Sauf si vous avez passé les derniers mois dans une caverne, vous avez surement entendu parler des molécules comme Ozempic. Ce sont des médicaments pour perdre du poids, normalement réservés aux personnes diabétiques et obèses. Sauf qu’eux n’en trouvent parfois plus, parce que d’autres s’arrachent ces molécules plus chères que l’or afin de perdre quelques kilos pour la plage. Ces derniers mois, j’ai plongé corps et âme dans cette innovation, pour vous raconter cette histoire de Nobel, de milliards, de tripes, et même de monstres.

Sur Instagram ou Tik Tok, les filtres destinés à rendre nos selfies plus sexy ne comportent pas la fonction obésité. Normal, puisque notre société tend à stigmatiser les gros et même à cacher les très gros.

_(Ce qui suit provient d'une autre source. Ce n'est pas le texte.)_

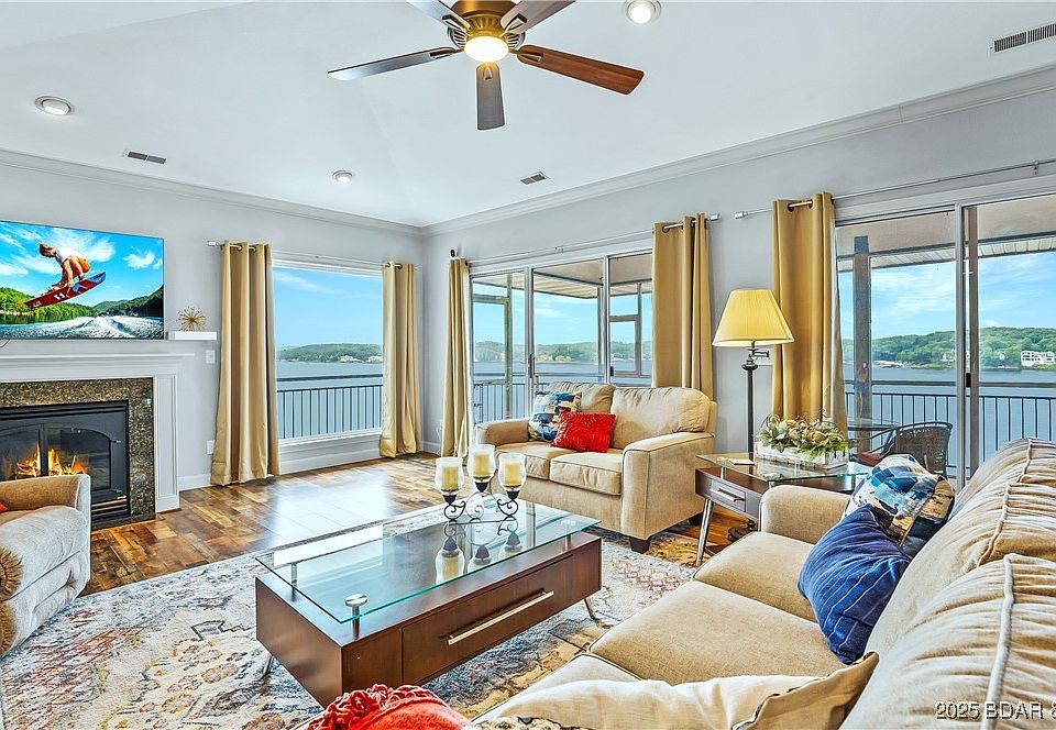 Unmatched Privacy & Comfort with this 1800+ sq. Beautifully Transformed Top Floor, End Unit at Palisades! THIS UNIT CAN BE RENTED! Captivating Views that never get old! This residence offers one of the most secluded settings in the entire community. Step into the chef-inspired kitchen with all-new custom cabinetry, sleek hood, SS appliances, LED lighting, & smooth Corian Tops. Updates include LVP flooring, plush carpeting & premium padding, plus refined crown molding & base trim for an upscale finish. The primary suite is a true retreat with a redesigned & renovated bath showcasing an oversized walk-in shower, dual vanities with designer mirrors, updated plumbing, fixtures, and a Dream custom walk-in closet. The guest en-suite boasts a refreshed bath with a new walk-in shower, vanity, countertop & lighting. Bath 3 delivers a bold design statement with custom floor to ceiling tile. Gas fireplace adds ambiance & charm. Gated community with resort style amenities, 3 Pools & fabulous Clubhouse. Boat captain will love the 12 x 32 slip and wave break. Perfect location near shops, golf, dining & Bagnell Dam Strip. Furnished - Everything inside stays! Garage available for extra $.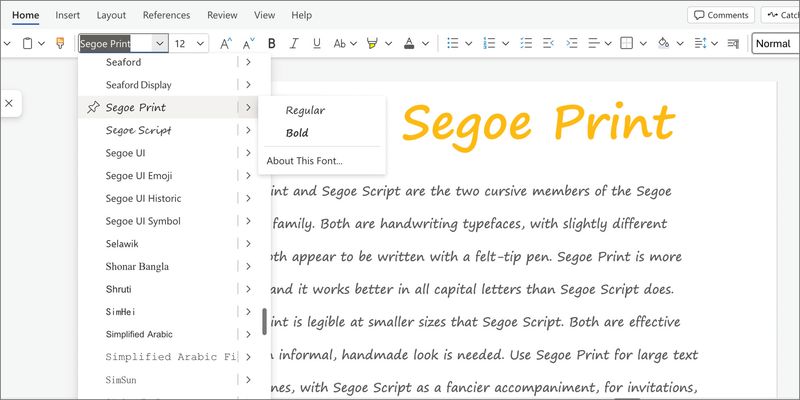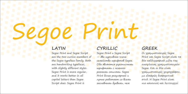 Segoe Print and Segoe Script are the two cursive members of the Segoe typeface family. Both are handwriting typefaces, with slightly different styles. Both appear to be written with a felt-tip pen. Segoe Print is more regular, and it works better in all capital letters than Segoe Script does. Segoe Print is legible at smaller sizes that Segoe Script. Both are effective where an informal, handmade look is needed. Use Segoe Print for large text or headlines, with Segoe Script as a fancier accompaniment, for invitations, labels, flyers, brochures, or packaging.

Par son travail, l’artiste-photographe turque Meltem Işık, qui illustre notre Exploration «Minceur sur ordonnance», nous tend un miroir différent. Dans son objectif, la grosseur des corps devient beauté. Elle nous renvoie en pleine figure nos biais stigmatisants à l’égard de ceux qui sont en surpoids. Nous rappelle qu’il existe d’autres esthétiques: avant les mannequins anorexiques, il y a eu Rubens.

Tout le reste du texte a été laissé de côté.